▶ _Instructions to follow_
The copy you produce must repeat each record exactly and contain no pictures.

▶ _Extracted information_
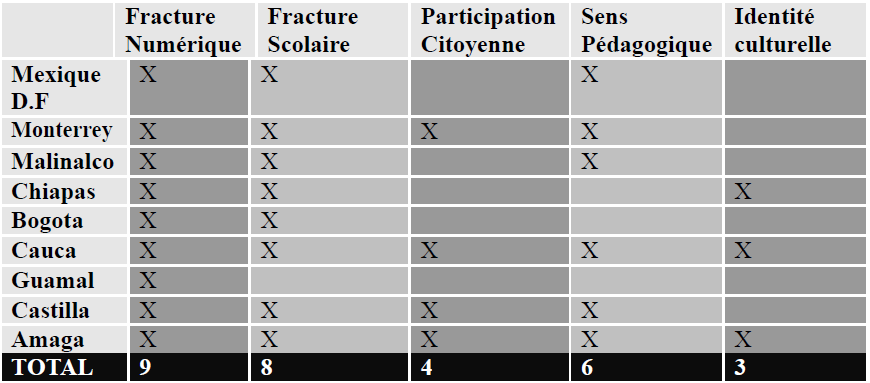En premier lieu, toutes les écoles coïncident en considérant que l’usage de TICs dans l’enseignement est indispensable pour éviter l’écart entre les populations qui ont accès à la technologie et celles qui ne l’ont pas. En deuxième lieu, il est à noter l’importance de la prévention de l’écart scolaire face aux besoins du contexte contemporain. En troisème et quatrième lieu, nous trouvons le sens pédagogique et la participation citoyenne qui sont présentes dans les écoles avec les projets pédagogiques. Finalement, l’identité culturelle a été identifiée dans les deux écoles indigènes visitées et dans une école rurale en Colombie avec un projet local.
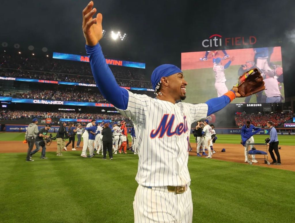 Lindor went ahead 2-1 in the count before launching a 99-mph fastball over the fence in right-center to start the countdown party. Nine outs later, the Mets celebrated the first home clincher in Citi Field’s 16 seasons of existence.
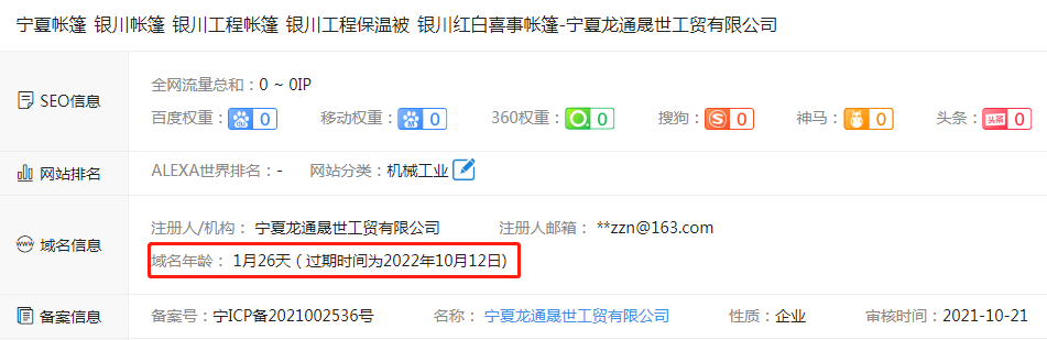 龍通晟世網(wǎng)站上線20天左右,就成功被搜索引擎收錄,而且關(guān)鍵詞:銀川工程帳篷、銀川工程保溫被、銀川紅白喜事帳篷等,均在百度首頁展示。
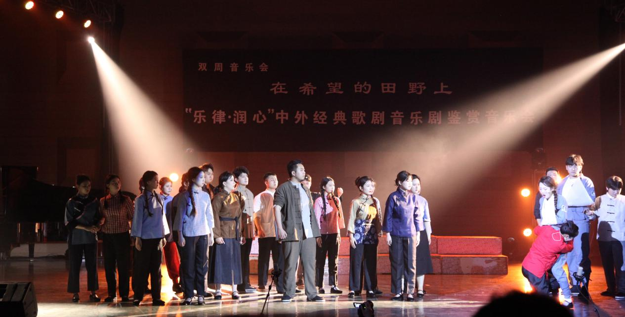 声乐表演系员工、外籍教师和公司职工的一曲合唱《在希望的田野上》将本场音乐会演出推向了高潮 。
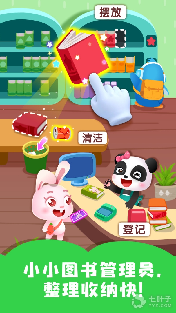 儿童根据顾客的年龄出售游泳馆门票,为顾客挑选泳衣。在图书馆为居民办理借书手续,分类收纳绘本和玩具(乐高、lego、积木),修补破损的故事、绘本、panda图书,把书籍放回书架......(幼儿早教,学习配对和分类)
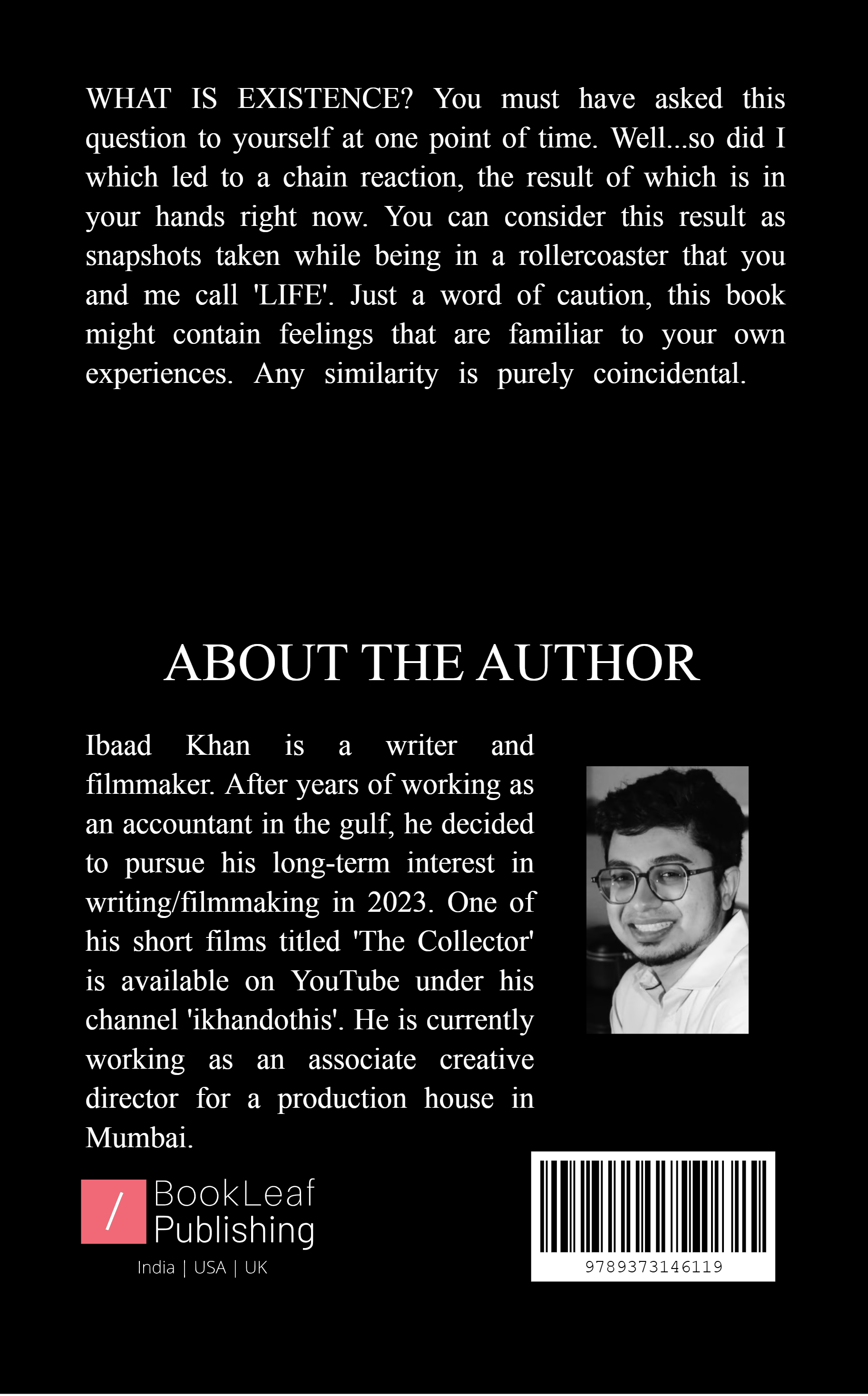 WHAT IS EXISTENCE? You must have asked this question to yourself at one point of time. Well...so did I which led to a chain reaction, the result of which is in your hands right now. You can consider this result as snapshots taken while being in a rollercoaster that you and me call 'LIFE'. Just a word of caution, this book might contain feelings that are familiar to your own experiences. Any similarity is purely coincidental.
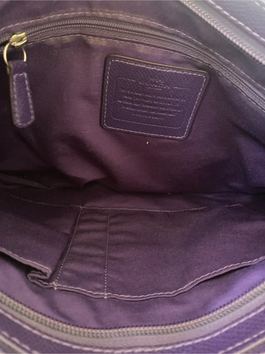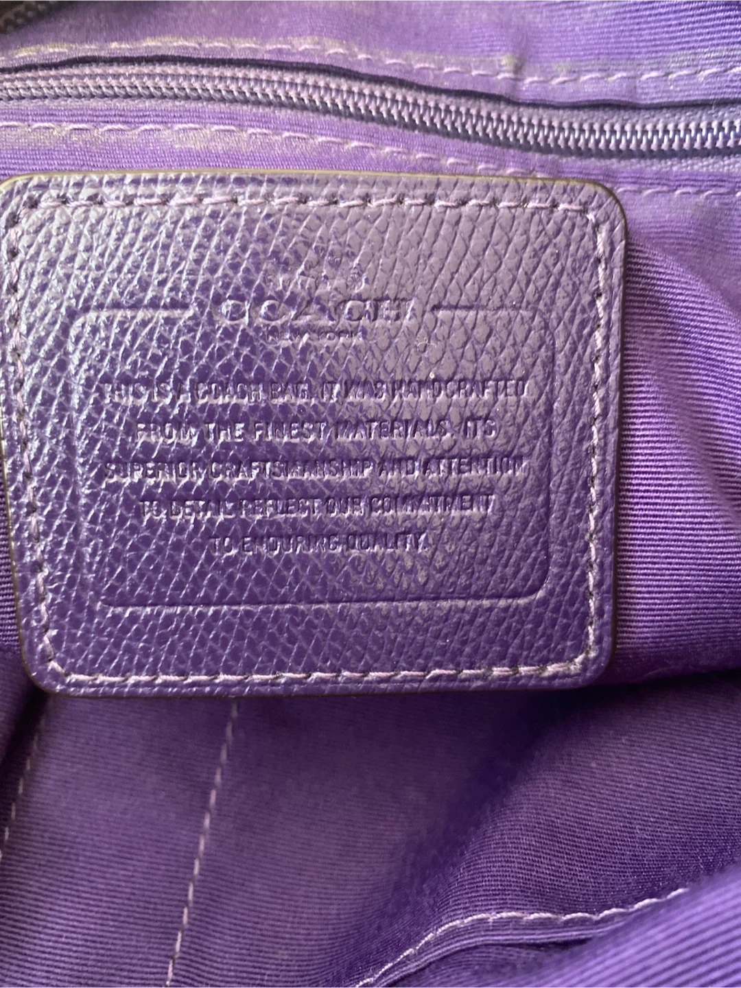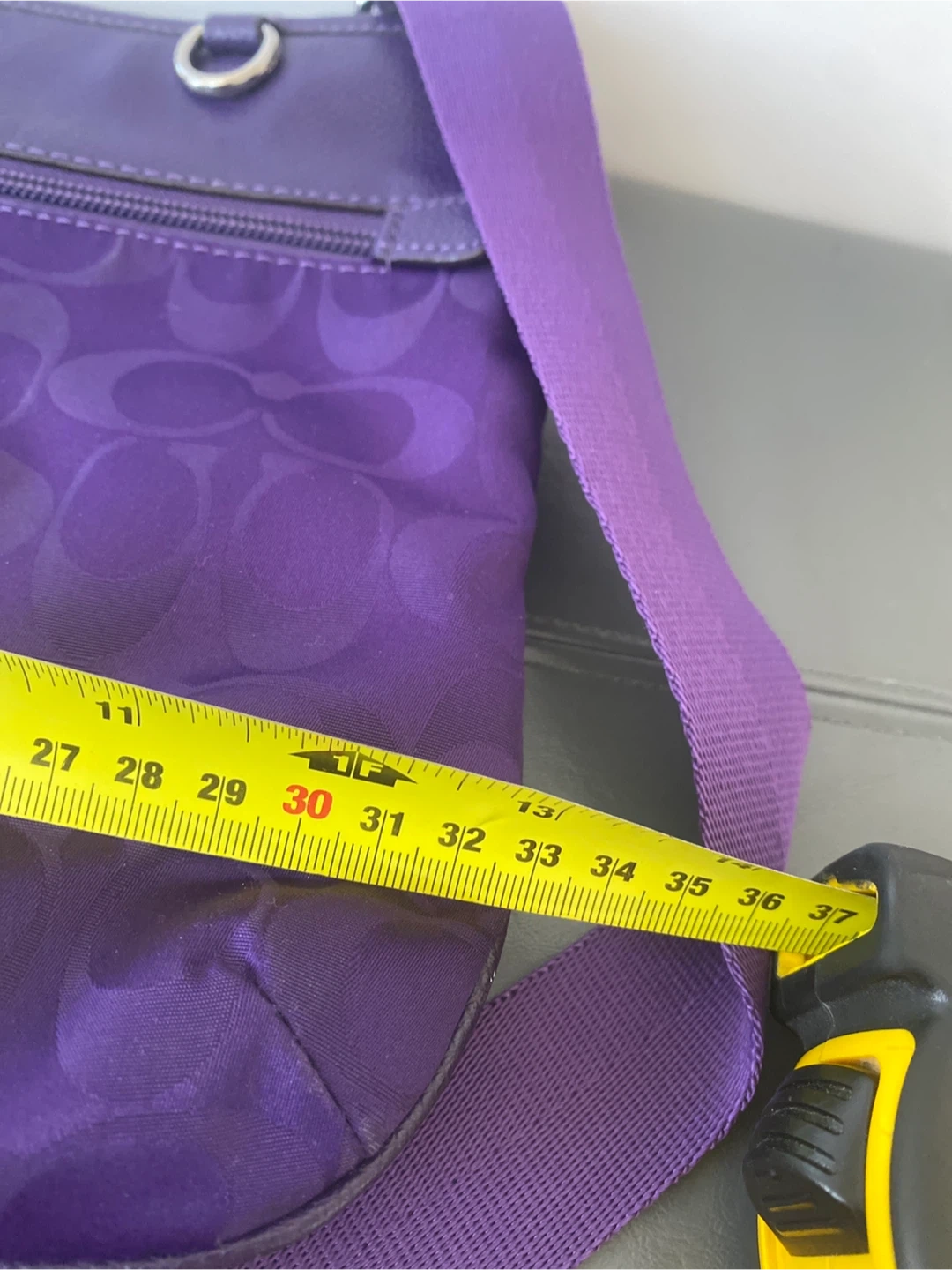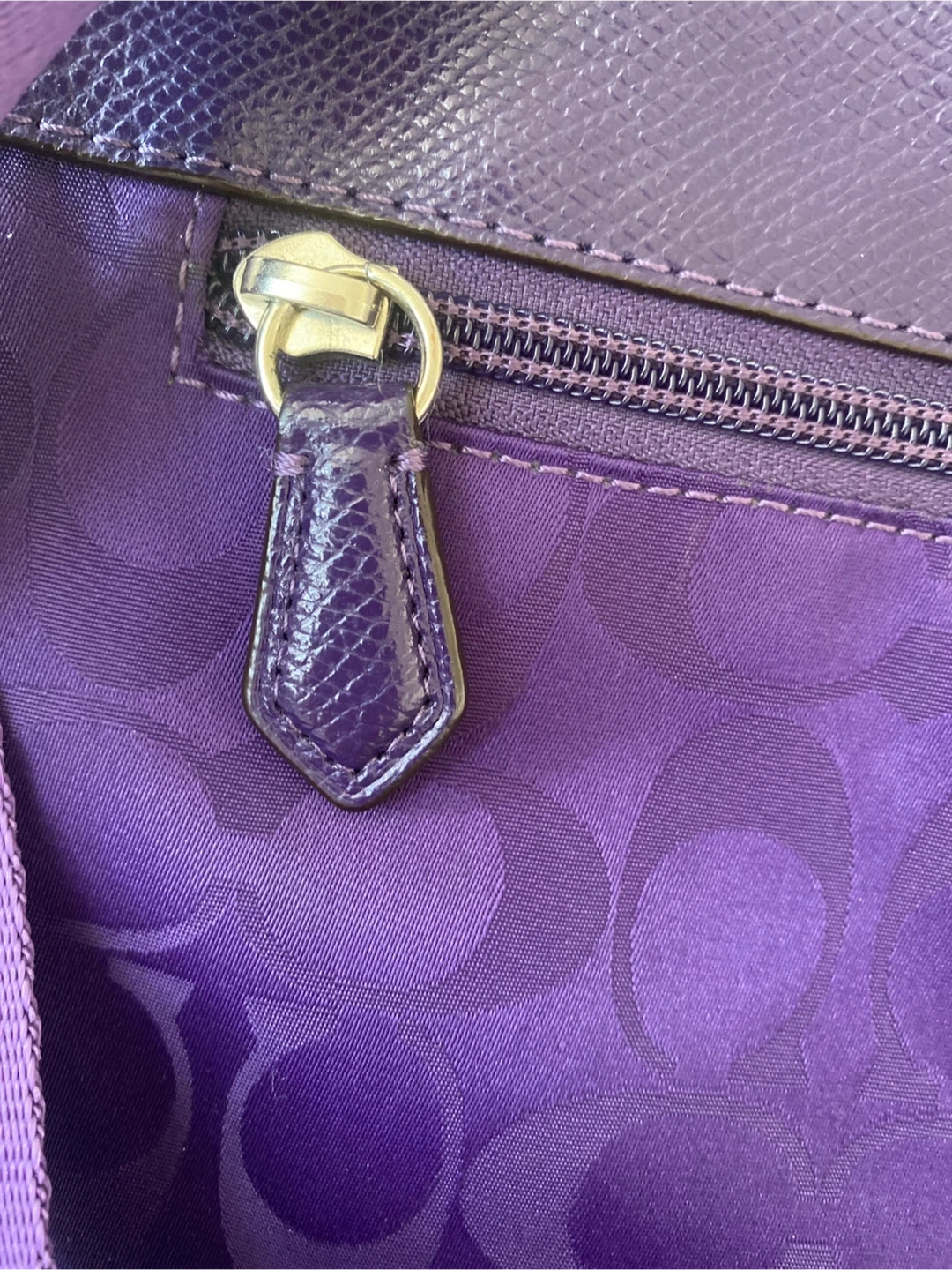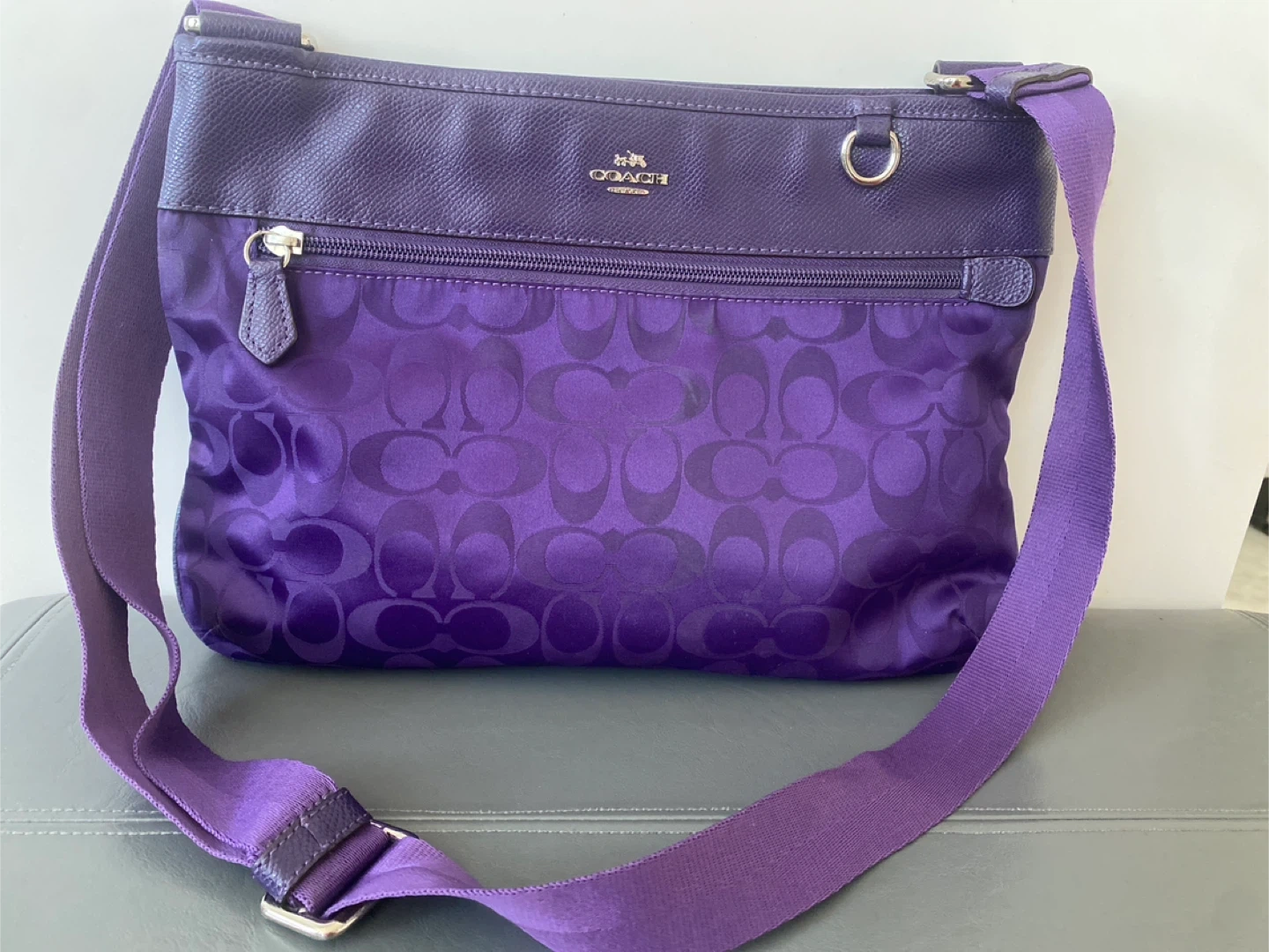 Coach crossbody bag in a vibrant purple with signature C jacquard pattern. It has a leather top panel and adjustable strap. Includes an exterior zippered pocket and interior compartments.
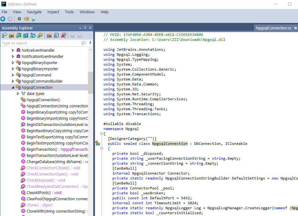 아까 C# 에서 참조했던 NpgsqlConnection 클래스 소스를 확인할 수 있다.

▶ _Output for this exercise_
En premier lieu, toutes les écoles coïncident en considérant que l’usage de TICs dans l’enseignement est indispensable pour éviter l’écart entre les populations qui ont accès à la technologie et celles qui ne l’ont pas. En deuxième lieu, il est à noter l’importance de la prévention de l’écart scolaire face aux besoins du contexte contemporain. En troisème et quatrième lieu, nous trouvons le sens pédagogique et la participation citoyenne qui sont présentes dans les écoles avec les projets pédagogiques. Finalement, l’identité culturelle a été identifiée dans les deux écoles indigènes visitées et dans une école rurale en Colombie avec un projet local.
 Lindor went ahead 2-1 in the count before launching a 99-mph fastball over the fence in right-center to start the countdown party. Nine outs later, the Mets celebrated the first home clincher in Citi Field’s 16 seasons of existence.
 龍通晟世網(wǎng)站上線20天左右,就成功被搜索引擎收錄,而且關(guān)鍵詞:銀川工程帳篷、銀川工程保溫被、銀川紅白喜事帳篷等,均在百度首頁展示。
 声乐表演系员工、外籍教师和公司职工的一曲合唱《在希望的田野上》将本场音乐会演出推向了高潮 。
 儿童根据顾客的年龄出售游泳馆门票,为顾客挑选泳衣。在图书馆为居民办理借书手续,分类收纳绘本和玩具(乐高、lego、积木),修补破损的故事、绘本、panda图书,把书籍放回书架......(幼儿早教,学习配对和分类)
 WHAT IS EXISTENCE? You must have asked this question to yourself at one point of time. Well...so did I which led to a chain reaction, the result of which is in your hands right now. You can consider this result as snapshots taken while being in a rollercoaster that you and me call 'LIFE'. Just a word of caution, this book might contain feelings that are familiar to your own experiences. Any similarity is purely coincidental.
 Coach crossbody bag in a vibrant purple with signature C jacquard pattern. It has a leather top panel and adjustable strap. Includes an exterior zippered pocket and interior compartments.
 아까 C# 에서 참조했던 NpgsqlConnection 클래스 소스를 확인할 수 있다.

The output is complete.